Goal of the exercise:
Reproduce the listing below word for word and exclude any picture.

Data below:
* * * * *
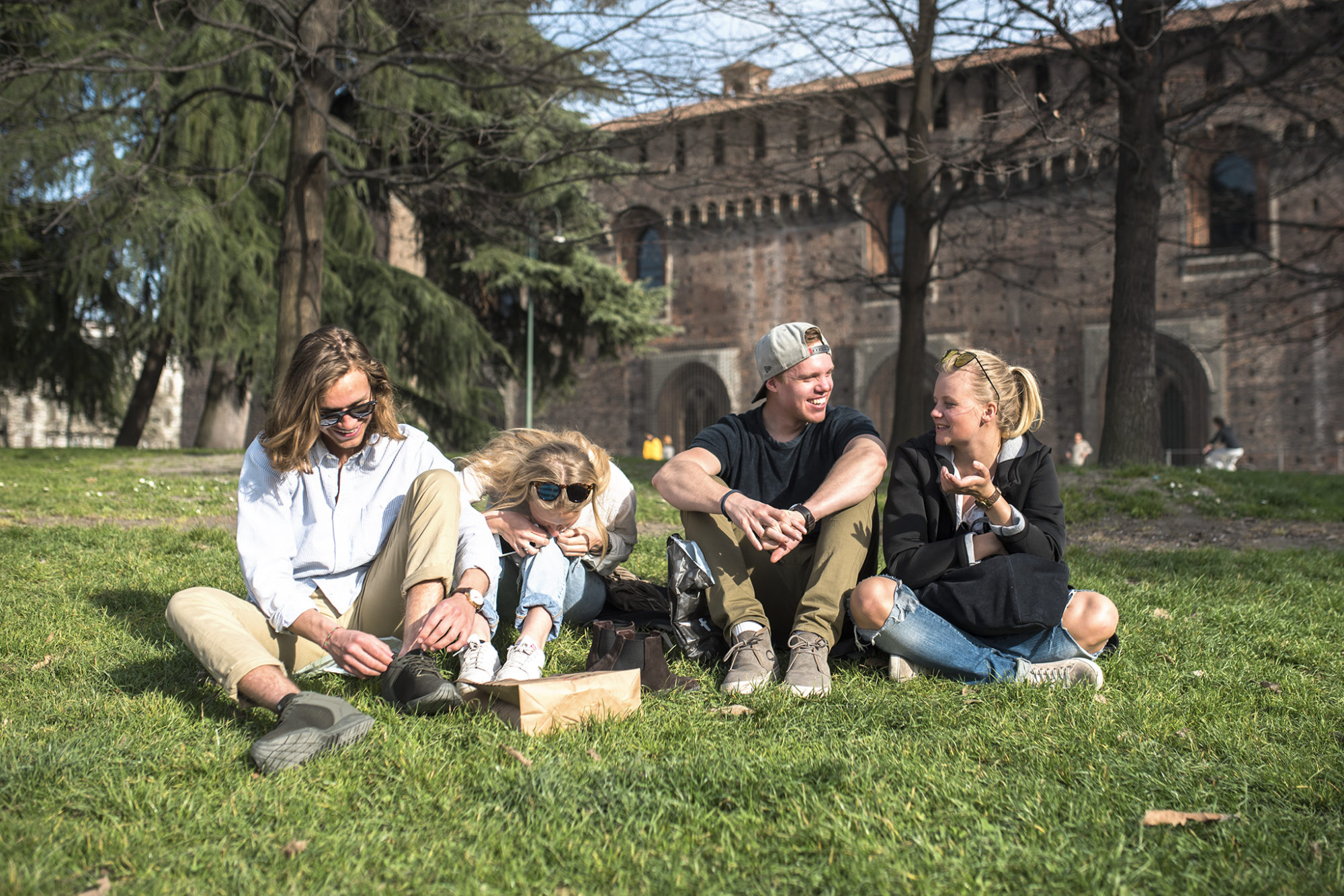 En timme tidigare – klockan 06.00. Efter en halvtimme hade vi sadlat om till shorts, T-shirts och solbrillor. Kanske inte kändes som den mest relevanta planen när regnet duggade utanför och vårvärmen var borta. Men istället för att sitta i Verbier och vänta på att solen skulle hälsa på oss bestämde vi istället för att åka och hälsa på solen. Efter lite knappande på yr.no så fann vi att solen skulle lysa i Milano. Vi bytte helt enkelt ut skidorna mot turistkläder. Milano ligger knappt tre timmar med bil från Verbier och kan vara en riktigt bra dagsutflykt om man inte är supertaggad på duggregn. Då Milano bestod mer av en mysig dag i vårväder med vänner så känner jag inte att jag behöver skriva en längre text om det utan bilden nedan får tala istället.
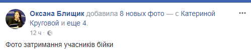 Также пресс-секретарь столичной полиции Оксана Блищик в Facebook опубликовала снимки задержания хулиганов, в котором участвовали несколько нарядов патрульных, сотрудники спецподразделения.
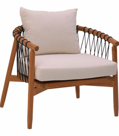 Фотелја Haibo природно тиково дрво-црно јаже-бела перница 80x75x72 см
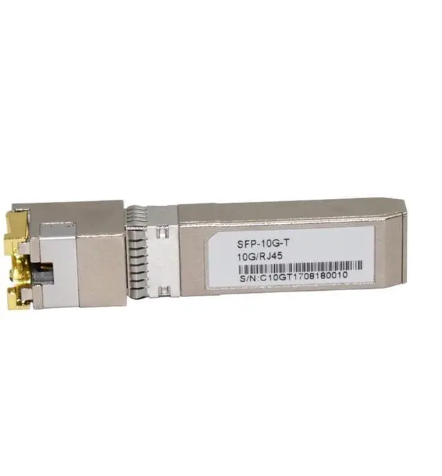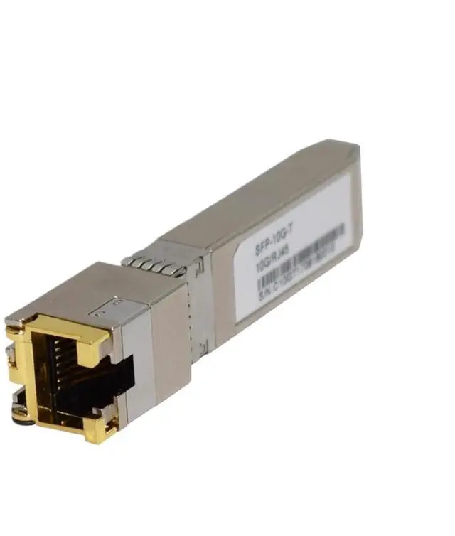 Fiber Optic Products / Fiber Optic Receivers10G-T RJ45 SFP Fiber Optical Module 10Gb/s Transceptor Compatibile Fiber Optical Transceiver ModuleGeneralSFP+-10GBASE-T Copper Small Form Pluggable (SFP) transceivers are based on the SFP Multi Source Agreement (MSA) . They are compatible with the 10Gbase-T / 5Gbase-T / 2.5Gbase-T / 1000base-T standards as specified in IEEE Std 802.3 . SFP+-10GBASE-T uses the SFP's RX_LOS pin for link indication. If pull up SFP's TX_DISABLE pin, PHY IC be reset.Product FeatureSupport 10Gbase-T / 5Gbase-T / 2.5Gbase-T / 1000base-T-pluggable SFP footprintCompact RJ-45 connector assembly compliant and lead-free Single +3.3V power supply 10 Gigabit Ethernet over 6a cable- Max 30MAmbient Operating temperature: 0C to +65CApplication10 Gigabit Ethernet10G SFP+ TransceiverPart NumberApplicationData RateWavelengthDistanceConnectorTypeHL-SFP-10G-SRSFP+ 10GBASE-SR10G850nm300mLCHL-SFP-10G-LRSFP+ 10GBASE-LR10G1310nm10kmLCHL-SFP-10G-LRMSFP+ 10GBASE-LRM10G1310nm220mLCHL-SFP-10G-ERSFP+ 10GBASE-ER10G1550nm40kmLCHL-SFP-10G-ZRSFP+ 10GBASE-ER10G1550nm80km
* * * * *
Response box:
 En timme tidigare – klockan 06.00. Efter en halvtimme hade vi sadlat om till shorts, T-shirts och solbrillor. Kanske inte kändes som den mest relevanta planen när regnet duggade utanför och vårvärmen var borta. Men istället för att sitta i Verbier och vänta på att solen skulle hälsa på oss bestämde vi istället för att åka och hälsa på solen. Efter lite knappande på yr.no så fann vi att solen skulle lysa i Milano. Vi bytte helt enkelt ut skidorna mot turistkläder. Milano ligger knappt tre timmar med bil från Verbier och kan vara en riktigt bra dagsutflykt om man inte är supertaggad på duggregn. Då Milano bestod mer av en mysig dag i vårväder med vänner så känner jag inte att jag behöver skriva en längre text om det utan bilden nedan får tala istället.
 Также пресс-секретарь столичной полиции Оксана Блищик в Facebook опубликовала снимки задержания хулиганов, в котором участвовали несколько нарядов патрульных, сотрудники спецподразделения.
 Фотелја Haibo природно тиково дрво-црно јаже-бела перница 80x75x72 см
 Fiber Optic Products / Fiber Optic Receivers10G-T RJ45 SFP Fiber Optical Module 10Gb/s Transceptor Compatibile Fiber Optical Transceiver ModuleGeneralSFP+-10GBASE-T Copper Small Form Pluggable (SFP) transceivers are based on the SFP Multi Source Agreement (MSA) . They are compatible with the 10Gbase-T / 5Gbase-T / 2.5Gbase-T / 1000base-T standards as specified in IEEE Std 802.3 . SFP+-10GBASE-T uses the SFP's RX_LOS pin for link indication. If pull up SFP's TX_DISABLE pin, PHY IC be reset.Product FeatureSupport 10Gbase-T / 5Gbase-T / 2.5Gbase-T / 1000base-T-pluggable SFP footprintCompact RJ-45 connector assembly compliant and lead-free Single +3.3V power supply 10 Gigabit Ethernet over 6a cable- Max 30MAmbient Operating temperature: 0C to +65CApplication10 Gigabit Ethernet10G SFP+ TransceiverPart NumberApplicationData RateWavelengthDistanceConnectorTypeHL-SFP-10G-SRSFP+ 10GBASE-SR10G850nm300mLCHL-SFP-10G-LRSFP+ 10GBASE-LR10G1310nm10kmLCHL-SFP-10G-LRMSFP+ 10GBASE-LRM10G1310nm220mLCHL-SFP-10G-ERSFP+ 10GBASE-ER10G1550nm40kmLCHL-SFP-10G-ZRSFP+ 10GBASE-ER10G1550nm80km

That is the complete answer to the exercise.